Although fact disputes exist, Dr. Gill's broad, unspecific assertions that he “expect[s] the company to give me complete information, ” which Plaintiffs cite, do not create material fact disputes. (ECF No. 87 at PageID #6616.)

To the extent that Plaintiffs argue that the IFU provides inadequate warnings without relation to subsequent buckling, the Court concludes they fail to demonstrate a material fact dispute. Plaintiffs argue that a “generic laundry listing of adverse reactions” that are “possible” is inadequate (ECF No. 87 at PageID #6615-16), but the IFU is clear that the Ventralex cannot be placed against the bowels during implantation. (ECF No. 57-6 at PageID #658.) With regard to adhesions specifically, the IFU states, “[d]o not place the mesh surface against the bowel” (id.), which is adequate, see Zanzuri v.

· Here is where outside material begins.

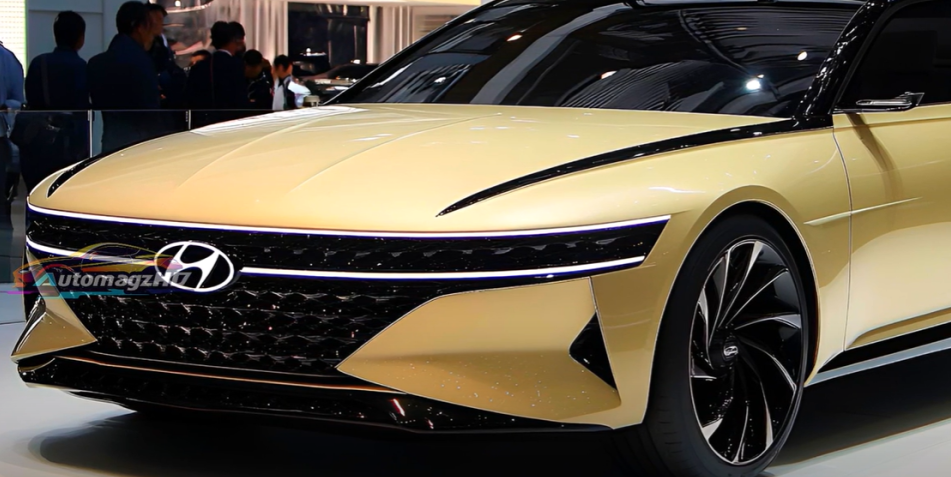 현재 공개된 차세대 쏘나타 예상도를 보면, 전면부에는 심리즌 호라이즌 램프가 두 줄로 적용되어 현대 로고와 통합된 조명 시스템이 미래지향적인 느낌을 강조하는데요, 그릴과 램프의 면적이 더 커지면서 상어와 같은 범퍼 라인이 스포티하고 공격적인 이미지를 부각합니다. 이런 디자인 요소는 차를 더 낮고 넓어 보이게 하여 역동적인 이미지를 완성하죠.

G.D. Searle & Co., 748 F.Supp. 1511, 1516-17 (S.D. Fla. 1990) (distinguishing the case at hand from Florida precedent by noting that lack of an express statement where a device should not be placed).

Defendants raise two counterarguments. First, Defendants argue that the risks of adhesions, fistula, and bowel erosion are clearly warned of in the IFU, meaning that the Court can determine that as a matter of law, the warnings are adequate. (ECF No. 57 at PageID #402.) The warnings are unambiguous, accurate, and clear with regard to the risks such as adhesions if the Ventralex's polypropylene side is exposed to bowel during implantation. (ECF No. 57-6 at PageID #658.) But the IFU does not address buckling that leads to polypropylene exposure after apparently appropriate implantation and associated risks. Defendants provide no authority for the proposition that incomplete but clear warnings are adequate as a matter of law. As always, the question on summary judgment is whether a reasonable jury could find for the nonmoving party under these specific circumstances, and Florida's precedent on adequate warnings as a matter of law is simply another way of stating this well-worn standard.

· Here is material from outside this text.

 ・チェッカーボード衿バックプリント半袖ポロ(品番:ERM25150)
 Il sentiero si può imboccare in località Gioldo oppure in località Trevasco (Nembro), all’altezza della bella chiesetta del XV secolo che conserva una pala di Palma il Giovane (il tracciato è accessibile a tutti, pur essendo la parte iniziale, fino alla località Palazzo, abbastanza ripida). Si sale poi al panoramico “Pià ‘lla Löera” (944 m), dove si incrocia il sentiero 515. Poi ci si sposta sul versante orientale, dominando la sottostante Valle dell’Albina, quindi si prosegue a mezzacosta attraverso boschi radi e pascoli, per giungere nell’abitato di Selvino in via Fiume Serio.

Second, Defendants contend that a manufacturer need only warn of a possible injury-not the defect or mechanism that caused the injury, such as buckling. (ECF No. 57 at PageID #403; ECF No. 111 at PageID #10609-11.) There is no indication that Florida state courts would so narrowly construe the issue of the adequacy of warnings so as to take this issue away from the jury. Florida precedent sets the scope of injury relatively broadly, instructing courts to look at whether the “warnings were adequate to warn a physician of the possibility that [the device] might be causing the condition experienced.” MacMurdo, 562 So.2d at 683. Florida courts also describe a warning as adequate if it warns of “the dangers” of a drug, Mason, 27 So.3d at 77, and “the potential harmful consequences, ” Scheman-Gonzalez, 816 So.2d at 1139.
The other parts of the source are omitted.